A file is one of the most common elements of working with computers and computing. Files in a computer can contain any number of things, from a complex set of instructions (e.g., a computer program) to a list of numbers and letters (e.g., an address book). Furthermore, computer files come in all varied sizes and types. One of the clues we can use to distinguish one file from another is the file extension. A file extension refers to the letters that follow the period (“.”) after the file’s name. The table below contains some of the most common file extensions and the types of files with which they are associated.

filename.txt Simple text file
filename.docx Microsoft Word document
filename.pdf Adobe portable document format
filename.jpg Compressed image file
filename.tif Tagged image format
filename.html Hypertext markup language (used to create websites)
filename.xml Extensible markup language
filename.zip Zipped/compressed archive

Some computer programs may be able to read, write, or analyze with only specific file types, while others are more adept at reading multiple file formats. As you work with information technology and GIS, you will realize that familiarity with different file types is essential. In addition, learning how to convert or export one file type to another is also a beneficial and valuable skill to obtain. In this regard, recognizing and knowing how to identify different and unfamiliar file types will undoubtedly increase your proficiency with computers and GIS.

Of the numerous file types, one of the most common and widely accessed files is simple text, plain text, or just text file. This is because word processing programs, spreadsheet and database programs, and web browsers can read simple text files widely. Often ending with the extension “.txt” (i.e., filename.txt), text files contain no special formatting (e.g., bold, italic, underlining) and contain only alphanumeric characters. In other words, images or sophisticated graphics are not well suited for text files. Text files, however, are ideal for recording, sharing, and exchanging data because most computers and operating systems can recognize and read simple text files with programs called text editors.

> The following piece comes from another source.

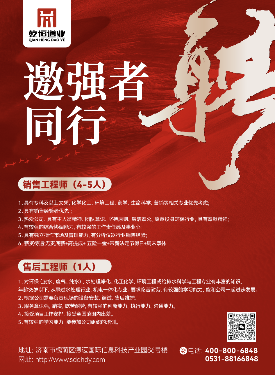 山东乾恒道业环保科技有限公司招聘信息如下:

When a text file contains organized or structured data in some fashion, it is sometimes called a flat file (but the file extension remains the same, i.e., .txt). Flat files are organized in a tabular format or line by line. In other words, each line or row of the file contains one and only one record. So, if we collected height measurements on three people, Tim, Jake, and Harry, the file might look something like this:

Name Height
Tim 6’1″
Sarah 5’7″
Maria 5’5″

Each row corresponds to one and only one record, observation, or case. There are two other essential elements to know about this file. First, note that the first row does not contain any data; instead, it describes the data contained in each column. When the first row of a file contains such descriptors, it is referred to as a header row or just a header. Columns in a flat file are fields, variables, or attributes. For example, “Height” is the attribute, field, or variable that we are interested in, and the observations or cases in our data set are “Tim,” “Jake,” and “Harry.” In short, rows are for records; columns are for fields.

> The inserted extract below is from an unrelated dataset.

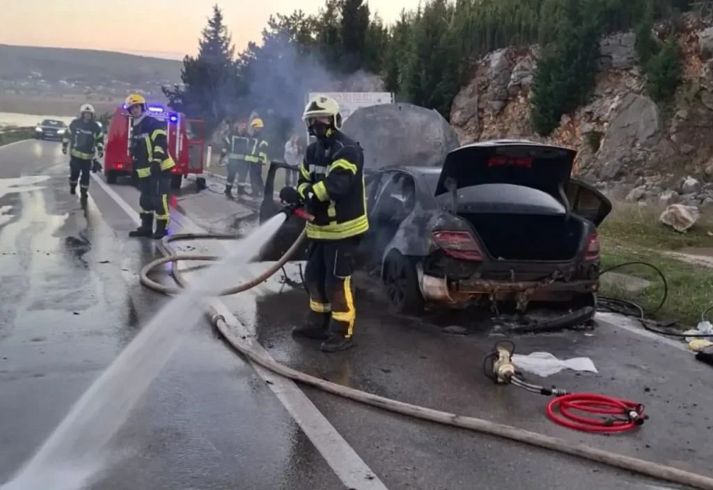 DIONICA MOSTAR - ŠIROKI BRIJEG Unatoč brzoj reakciji vatrogasaca, izgorio automobil 'Mercedes'

The file’s second unseen but critical element is the spaces between each column or field. For example, a space separates the “name” column from the “height” column in the example. Upon closer inspection, however, note how the initial values of the “height” column are aligned. The height column would not be aligned if a single space separated each column. In this case, a tab is used to separate the columns of each row. The delimiter or separator is the character used to separate columns within a flat file. Though any character can be used as a delimiter, the most common delimiters are the tab, the comma, and a single space. The following are examples of each.

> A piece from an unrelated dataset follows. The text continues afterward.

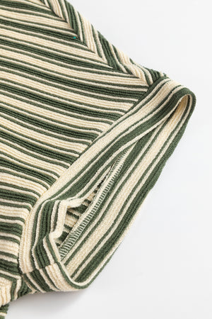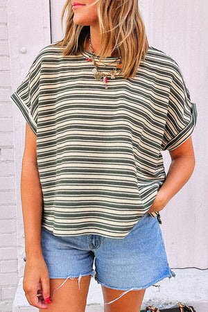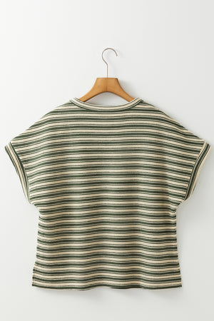 Green Stripe Textured Side Slit Crew Neck T Shirt
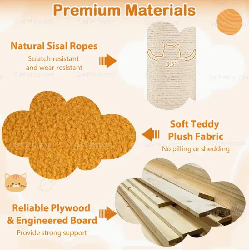- Natural sisal scratching posts for durability and repeat use

Tab-Delimited Single-Space-Delimited Comma-Delimited
Name     Height Name Height Name, Height
Tim     6.1 Tim 6.1 Tim, 6.1
Sara    5.6 Sara 5.6 Sara, 5.6
Harry     5.9 Harry 5.9 Harry, 5.9

Knowing the delimiter to a flat file is essential because it enables us to distinguish and separate the columns efficiently and without error. Sometimes such files are referred to by their delimiters, such as “comma-separated values” or a “tab-delimited” file.

The same general format is applied when recording and working with geographic data. Rows are reserved for records; in the case of geographic data, locations and columns or fields are used for the attributes or variables associated with each location. For example, the following tab-delimited flat file contains data for three places (i.e., countries) and three attributes or characteristics of each country (i.e., population, language, continent), as noted by the header.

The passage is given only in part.